Yeah, you know, it's interesting, right? If you read the AHA guidelines on how to treat patients with obstructive HCM in particular, but also non-obstructive, it's not to gradient. It's not to peak VO2. It's to feel and function. And feel and function, you can do it two ways. It's the physician-administered, which is typically the NYHA, and then it's the patient perception, which is the KCCQ. Both in the obstructive population, both on NYHA and KCCQ, we saw really robust responses. In fact, the KCCQ observations were better than anything we've seen therapeutically out there. Almost as good as having a septal reduction therapy, which is when the surgeon goes in and removes the obstruction physically. That tells you that we're having a very dramatic effect in terms of efficacy. To your question, I think, yeah, absolutely, there's room to improve on efficacy there too.
Let's talk about the feel and function, especially in the non-obstructive patients.
Sure.
What, mechanistically, how does a modulator outdo a CMI?

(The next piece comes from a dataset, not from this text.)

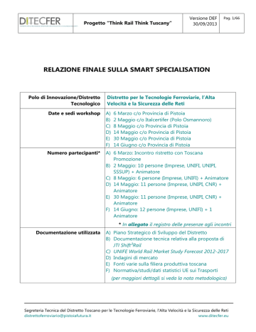 Progetto “Think Rail Think Tuscany” Versione DEF 30/09/2013 Pag. 1/66 RELAZIONE FINALE SULLA SMART SPECIALISATION Polo di Innovazione/Distretto Tecnologico Distretto per le Tecnologie Ferroviarie, l’Alta Velocità e la Sicurezza delle Reti Date e sedi workshop A) B) C) D) E) F) 6 Marzo c/o Provincia di Pistoia 2 Maggio c/o Italcertifer (Polo Osmannoro) 8 Maggio c/o Provincia di Pistoia 14 Maggio c/o Provincia di Pistoia 30 Maggio c/o Provincia di Pistoia 14 Giugno c/o Provincia di Pistoia Numero partecipanti* A) 6 Marzo: Incontro ristretto con Toscana Promozione B) 2 Maggio: 10 persone (Imprese, UNIFI, UNIPI, SSSUP) + Animatore C) 8 Maggio: 6 persone (Imprese, UNIFI) + Animatore D) 14 Maggio: 11 persone (Imprese, UNIPI, CNR) + Animatore E) 30 Maggio: 11 persone (Imprese, UNIPI, CNR) + Animatore F) 14 Giugno: 12 persone (Imprese, UNIFI) + 1 Animatore * In allegato il registro delle presenze agli incontri Documentazione utilizzata A) Piano Strategico di Sviluppo del Distretto B) Documentazione tecnica relativa alla proposta di JTI Shift²Rail C) UNIFE World Rail Market Study Forecast 2012-2017 D) Indagini di mercato E) Fonti varie sulla filiera produttiva toscana F) Normativa/studi/dati statistici UE sui Trasporti (per maggiori dettagli si veda la nota metodologica) Segreteria Tecnica del Distretto Toscano per le Tecnologie Ferroviarie, l’Alta Velocità e la Sicurezza delle Reti [email protected] www.ditecfer.eu Progetto “Think Rail Think Tuscany” Versione DEF 30/09/2013 Pag. 2/66 Nota metodologica Il presente Rapporto è redatto al fine di contribuire all’individuazione di indicazioni strategiche per la programmazione dei fondi strutturali per la Regione Toscana 2014-2020 in ottica di Smart Specialisation relativamente al settore industriale e scientifico coperto dal Distretto per le Tecnologie Ferroviarie, l’Alta Velocità e la Sicurezza delle Reti. A tal fine sono state valorizzate informazioni e dati già in possesso del Distretto (visite in aziende, Comitati di Indirizzo Tecnologico, riunioni del Working Group Ferroviario all’interno del Cluster Tecnologico Nazionale, ecc.), e raccolte informazioni e dati nuovi, acquisiti mediante una serie di incontri avuti con le Aziende aderenti al Distretto, con le Università e con attori di settore. In particolare, le indicazioni contenute nel presente Rapporto emergono come sintesi di strategie, dati di mercato, normative, statistiche ed altre indicazioni di settore a livello internazionale, europeo, nazionale e regionale. I principali riferimenti utilizzati per l’elaborazione del contesto e per lo sviluppo collaborativo del contenuto sono stati: Livello internazionale: 1) Trend di sviluppo del mercato ferroviario (UNIFE World Rail Market Study Forecast 2012-2017); 2) Analisi di scouting condotte da Toscana Promozione; Livello europeo: 3) Strategie di sviluppo della rete ferroviaria in ottica 2020 e 2050, con relative proiezioni di sviluppo del mercato (Reti TEN-T e atti collegati); 4) Normative comunitarie di regolamentazione di aspetti tecnici e tecnologici (ETCS, antirumore, ecc.); 5) Proposta di Joint Technology Initiative “Shift²Rail” 2014-2020 promossa da UNIFE per la R&S nel settore ferroviario; 6) Proposta di programma quadro per la R&S Horizon 2020; Livello nazionale: 7) Indagine Eurostat sulla soddisfazione dei passeggeri in merito ai servizi ferroviari (marzo 2011); 8) Analisi ANIE sulla Filiera ferroviaria italiana nella competizione globale (settembre 2011); 9) Piano Strategico di Sviluppo del costituendo Cluster Tecnologico Nazionale “Trasporti Italia 2020”; Segreteria Tecnica del Distretto Toscano per le Tecnologie Ferroviarie, l’Alta Velocità e la Sicurezza delle Reti [email protected] www.ditecfer.eu Progetto “Think Rail Think Tuscany” Versione DEF 30/09/2013 Pag. 3/66 10) Lavori del Working Group Ferroviario in seno al Cluster Tecnologico Nazionale “Trasporti Italia 2020”; Livello regionale: 11) Piano Strategico di Sviluppo del Distretto per le Tecnologie Ferroviarie, l’Alta Velocità e la Sicurezza delle Reti 2012-2015; 12) Analisi delle “Schede di rilevazione competenze” raccolte dalle Aziende aderenti al Distretto per le Tecnologie Ferroviarie, l’Alta Velocità e la Sicurezza delle Reti; 13) Analisi dei Questionari sulle priorità tecnologiche in ottica 2020 raccolti dalle Aziende aderenti al Distretto per le Tecnologie Ferroviarie, l’Alta Velocità e la Sicurezza delle Reti; 14) Studi di settore realizzati da Pistoia Futura sulla meccanica ferroviaria. Coinvolgimento attivo degli attori di settore: Partendo dalla delineazione delle linee strategiche di sviluppo tecnologico del settore (di cui il principale riferimento è dato dalla proposta di JTI “Shift²Rail”, che sintetizza anche le innovazioni indotte dallo sviluppo della normativa comunitaria), ed incrociando tali dati con le priorità strategiche individuate nel Piano Strategico di Sviluppo del Distretto per le Tecnologie Ferroviarie, l’Alta Velocità e la Sicurezza delle Reti, si sono invitate le Aziende del Distretto ad indicare, in step successivi: 1) le priorità tematiche di loro interesse; 2) i percorsi tecnologici che – in ragione delle proprie competenze – esse potrebbero/vorrebbero intraprendere in ottica 2020; 3) idee progettuali coerenti con il quadro strategico di riferimento e con i possibili impegni di investimento; 4) i soggetti - aderenti al Distretto e non – che, con le proprie competenze, potrebbero essere dei partner di valore in grado di sviluppare investimenti congiunti in R&S e innovazione. Ciò è avvenuto mediante: - l’invio di informazioni preventive per email; - l’invito a incontri operativi, in cui è stato fatto brainstorming con l’ausilio della Dott.ssa Veronica Elena Bocci, coordinatore della Segreteria Tecnica del Distretto; - attività di feedback post-riunioni in cui è stato chiesto di redigere degli abstract in merito alle priorità tecnologiche e di investimento de

I think a key aspect of it, and we've described this biochemically, is that we're a partial modulator of the ATPase, so the myosin. We only inhibit that part of the mechanism down to about 60%. Now, if you look at the preclinical data for the CMIs, you can completely eliminate the contraction. That buffer we have allows us to get to a higher level of target engagement. The other aspect of the mechanism is we're changing the rate of the contraction. At different portions of the beat, you're changing the rate in which you're changing the contraction, and that allows you to modulate the contraction in the early portion of where the obstruction is actually occurring when the mitral valve is coming over and engaging the ventricle. That mechanistically is different.
Those two points allow us to get to a higher level of engagement without seeing EF changes, which would drive greater efficacy. I think both of those aspects of what the drug does is highly differentiated and leads to potential for greater efficacy because of the safety margin.
Got it. Let's fast forward to 2026. When you have the full Part D data available, how are you thinking about your next steps from a registration perspective?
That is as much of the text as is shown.